> EXERCISE OBJECTIVE
Read the listing below and copy out every line that holds "most".

> RECORDED DATA

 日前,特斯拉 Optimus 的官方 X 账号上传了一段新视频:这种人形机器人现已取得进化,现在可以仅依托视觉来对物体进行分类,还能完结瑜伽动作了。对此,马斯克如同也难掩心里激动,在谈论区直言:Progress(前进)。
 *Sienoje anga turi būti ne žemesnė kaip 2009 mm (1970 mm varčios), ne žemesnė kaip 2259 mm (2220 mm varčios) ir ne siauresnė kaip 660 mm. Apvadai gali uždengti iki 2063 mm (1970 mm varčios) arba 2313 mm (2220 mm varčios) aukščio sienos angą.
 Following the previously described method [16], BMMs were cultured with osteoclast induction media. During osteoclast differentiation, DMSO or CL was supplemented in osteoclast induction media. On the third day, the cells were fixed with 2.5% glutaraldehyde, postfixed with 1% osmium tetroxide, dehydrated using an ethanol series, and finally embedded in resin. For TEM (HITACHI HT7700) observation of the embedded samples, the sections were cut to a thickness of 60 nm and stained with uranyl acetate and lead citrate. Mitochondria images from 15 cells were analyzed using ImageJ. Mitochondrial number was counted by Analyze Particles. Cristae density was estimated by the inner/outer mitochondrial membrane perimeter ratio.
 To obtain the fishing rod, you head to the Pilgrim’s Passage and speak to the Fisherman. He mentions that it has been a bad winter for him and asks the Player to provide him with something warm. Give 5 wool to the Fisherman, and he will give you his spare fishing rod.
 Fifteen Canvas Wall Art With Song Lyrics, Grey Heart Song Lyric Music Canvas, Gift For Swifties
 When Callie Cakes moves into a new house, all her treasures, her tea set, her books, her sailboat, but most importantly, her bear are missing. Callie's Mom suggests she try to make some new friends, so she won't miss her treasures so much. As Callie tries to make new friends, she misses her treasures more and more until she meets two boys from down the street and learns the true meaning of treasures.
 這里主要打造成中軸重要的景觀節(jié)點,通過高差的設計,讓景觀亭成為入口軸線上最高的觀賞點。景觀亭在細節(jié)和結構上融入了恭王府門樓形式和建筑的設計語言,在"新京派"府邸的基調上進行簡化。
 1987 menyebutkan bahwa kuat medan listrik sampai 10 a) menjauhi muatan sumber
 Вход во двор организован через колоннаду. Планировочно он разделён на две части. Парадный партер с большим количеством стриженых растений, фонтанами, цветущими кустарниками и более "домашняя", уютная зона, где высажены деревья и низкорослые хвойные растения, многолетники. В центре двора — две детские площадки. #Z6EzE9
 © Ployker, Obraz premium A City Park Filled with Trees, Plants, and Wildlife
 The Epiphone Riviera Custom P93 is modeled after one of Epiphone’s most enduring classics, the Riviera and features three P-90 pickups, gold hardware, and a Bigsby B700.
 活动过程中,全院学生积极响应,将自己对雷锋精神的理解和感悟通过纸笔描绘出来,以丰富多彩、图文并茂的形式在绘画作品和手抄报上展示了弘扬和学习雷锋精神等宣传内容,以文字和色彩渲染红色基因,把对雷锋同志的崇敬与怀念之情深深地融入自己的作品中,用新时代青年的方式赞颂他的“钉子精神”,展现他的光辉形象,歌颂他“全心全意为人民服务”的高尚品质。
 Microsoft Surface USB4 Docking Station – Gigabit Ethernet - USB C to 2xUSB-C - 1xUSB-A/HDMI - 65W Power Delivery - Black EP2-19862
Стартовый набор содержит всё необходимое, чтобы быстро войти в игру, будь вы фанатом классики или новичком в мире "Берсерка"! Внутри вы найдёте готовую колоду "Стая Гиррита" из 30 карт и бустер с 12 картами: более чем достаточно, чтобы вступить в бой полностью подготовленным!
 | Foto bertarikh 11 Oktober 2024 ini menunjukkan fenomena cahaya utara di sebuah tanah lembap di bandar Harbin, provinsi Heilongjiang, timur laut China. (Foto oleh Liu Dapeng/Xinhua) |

> SOLUTION BELOW
 When Callie Cakes moves into a new house, all her treasures, her tea set, her books, her sailboat, but most importantly, her bear are missing. Callie's Mom suggests she try to make some new friends, so she won't miss her treasures so much. As Callie tries to make new friends, she misses her treasures more and more until she meets two boys from down the street and learns the true meaning of treasures.
 The Epiphone Riviera Custom P93 is modeled after one of Epiphone’s most enduring classics, the Riviera and features three P-90 pickups, gold hardware, and a Bigsby B700.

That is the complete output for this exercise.